How to begin fixing vulnerable IoT security issues
The frenzy surrounding all things surrounding the Internet of Things has quickly moved from unbridled excitement to dystopian warnings.
The focus has moved from its potential to revolutionize the way we work and play, to visions of television sets turned spy and hijacked medical devices holding lives for ransom.
With so much hyperbole, it can be difficult to cut through the noise to understand exactly where the problems lie in securing the IoT.
Much has to do with the sheer scale of the attack surface. The current estimate for IoT devices is 6.4 billion, and Gartner predicts they will reach an installed base of 21 billion units by 2020—others others predict even higher. These devices are ever-connected and ever-susceptible, even when idle, and cybercriminals are taking full advantage.
The Mirai botnet that took down more than 80 major websites consisted mainly of CCTV cameras and DVRs, but that was only the beginning. The latest bot-herding software, Wicked, is a more sophisticated Mirai relative. It includes at least three new exploits targeting known vulnerabilities in various IoT devices, including cameras and Netgear routers.
With a problem of such magnitude, why aren’t we doing a better job of protecting IoT devices? Looking at the IoT security landscape, we see mostly network-level defenses: managing IoT security at the network level, detecting IoT attacks at the network level, and blocking IoT attacks at the network level. These are valuable but limited—just as in the case of endpoint security, deep security requires software installed on the device itself.
However, there are almost no in-device IoT security products. The current diversity of hardware, software and operating systems poses a real challenge for developers of security products. IoT is a mixture of systems, composed of various types of CPUs and chipsets from different vendors.
ARM-based platforms dominate the market, but Intel is pushing its own IoT platforms. And the various manufacturers of IoT development boards use their own hardware architecture, integrated circuits, processors and chipsets. The situation at the software level is even worse. There are about 10 leading operating systems for IoT, as well as numerous others. For security vendors, developing and maintaining an IoT-wide security product is very challenging, if not impossible.
One of the primary purposes of IoT technology is to collect information, both overtly and silently. IoT devices often send unencrypted information over unsecured ports. And many times, as in the case of the “teddy bear” data breach, that collected information is stored in publicly accessible databases without any authentication required. They are designed to gather and transmit this data as quickly and cheaply as possible.
This is at direct odds with information security but unlikely to change soon. Implementing secure or confidential communication protocols increases development cost, time to market and manufacturing costs. Even manufacturers that are conscious of security issues might unknowingly embed insecure third-party components into their products. Many of the webcams enlisted by the Mirai botnet utilized electronic components from the same manufacturer.
Most IoT devices are riddled with vulnerabilities but were not built with patching and updating in mind. Cameras, routers, printers, sensors—all have internal firmware, which usually works for years without an update. As a result, there are many IoT devices, with different versions of kernels, frameworks, web-servers and applications. And even if manufacturers could develop patches, the logistics of upgrading the software or firmware is extremely challenging.

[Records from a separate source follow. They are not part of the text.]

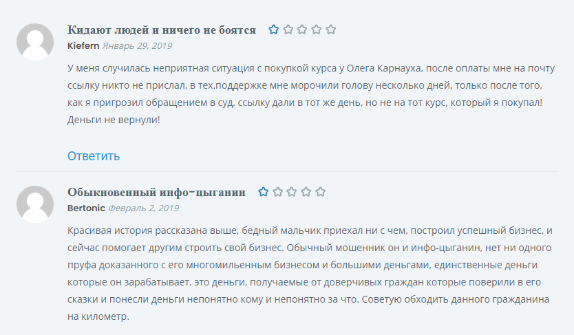 Когда мы начали искать отзывы о коуче в интернете, натыкались на множество статей и сайтов с заголовками “Олег Карнаух отзывы развод”. О проекте Олега Карнауха “маркетплейсы” абсолютно разные отзывы в интернете. Конечно, большинство отзывов покупные, однако невооруженный взгляд или простой новичок ничего бы не заподозрил.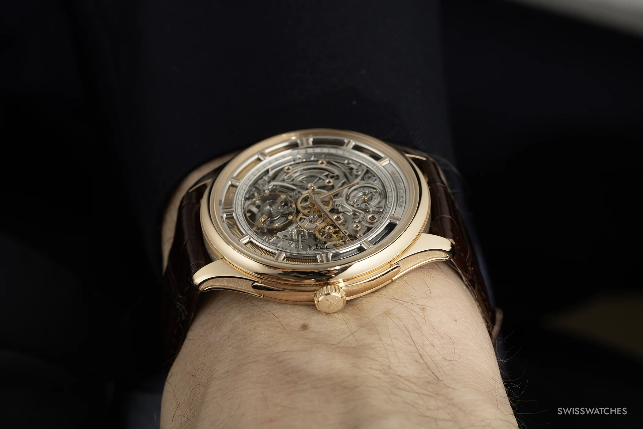 Das Werk wird mit vierzehn unterschiedlichen Finissierungstechniken dekoriert. 60 Komponenten sind von Hand anglierte, 48 Innenwinkel mit großer Präzision ausgearbeitet. Das offene Zifferblatt ist auf einen peripheren Ring aus 18 Karat Weißgold reduziert, wodurch das Werk selbst zum dominierenden Gestaltungselement wird. Das Gehäuse aus 18 Karat Roségold misst 41,4 Millimeter im Durchmesser und 8,25 Millimeter in der Höhe und besitzt ein versenkbares Drückersystem zur Aktivierung der Minutenrepetition. Der Preis liegt bei 765.000 Euro.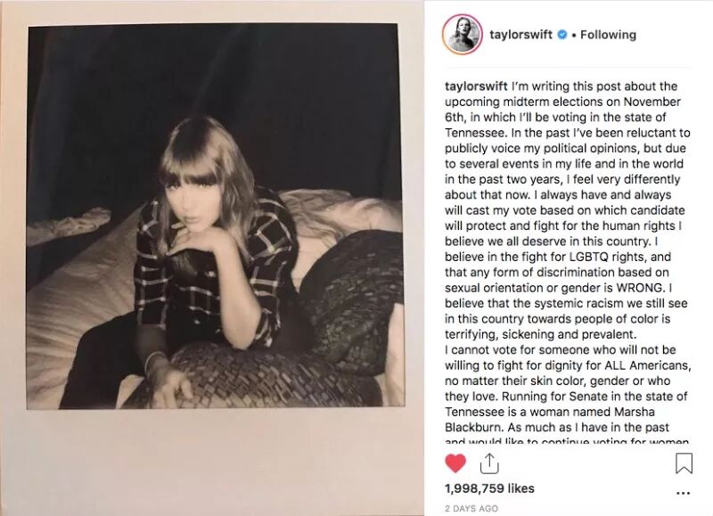 同时她还号召大家在马上到来的中期选举里参与投票,几天前她在 Instagram 上发表了自己职业生涯中的首个有关政治的观点,谴责了田纳西州共和党人 Marsha Blackburn,并呼吁性别、种族和人权平等。这条发文影响不小,已获得近 200 万的点赞(甚至包括水果姐),美国总统特朗普也做出了回应(虽然回应的也不是什么好话……)。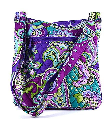 Vera Bradley's Hipster is the ultimate cross-body bag. There is a quick-access front open slip and zippered pocket, as well as a zip pocket on the back to keep phone and keys secure. Three slip pockets add to the organization inside the main zippered compartment. It features a fully adjustable shoulder and cross-body strap and measures approximately 10 inches (L) x 10.5 inches (H) x 2 inches (W). Patterns with solid color interiors are designed and manufactured for Vera Bradley Outlet stores.Feature

Apart from the difficulty in accessing devices, most do not have the memory and processing power needed to receive and perform the upgrade or patch. The online-update, instant-patch paradigm used in the modern OS is not yet feasible in the IoT world.
It’s not just things
Generally we think of the IoT as personal devices—for example, cameras, refrigerators or even cars. But much of our critical infrastructure—utilities, hospitals, transportation systems and all the other systems our communities and countries depend on—is increasingly digitally controlled and connected. This industrial internet of things (IIoT) brings tremendous productivity and reliability gains: better alignment of supply and demand, predictive maintenance planning, predictive outage response, instantaneous sharing of vital data and more. In some cases, like healthcare, it can make the difference between life and death.
However, this hyper-connectivity has increased the cyber risk for our critical systems exponentially. The energy sector is particularly vulnerable. Coordinated cyberattacks on the Ukraine power grid left more than 230,000 customers without power after hackers gained control of the Supervisory Control and Data Acquisition (SCADA). And earlier this month, researchers disclosed critical vulnerabilities in SCADA tools widely used in oil, gas and electricity operations, which would give threat actors complete control and the ability to move laterally through the network to execute additional attacks. When we talk about IoT security, we need to look at the bigger picture.
IoT is at a critical juncture; it’s time to shuffle priorities and put security at the top. End users need to implement best-practice security controls and demand greater security built into the products they buy. Cybersecurity vendors need to think outside the box to develop new protection paradigms. Manufacturers need to step up, take responsibility and actively make their devices more secure. And legislators must put forth effective regulations to ensure it happens.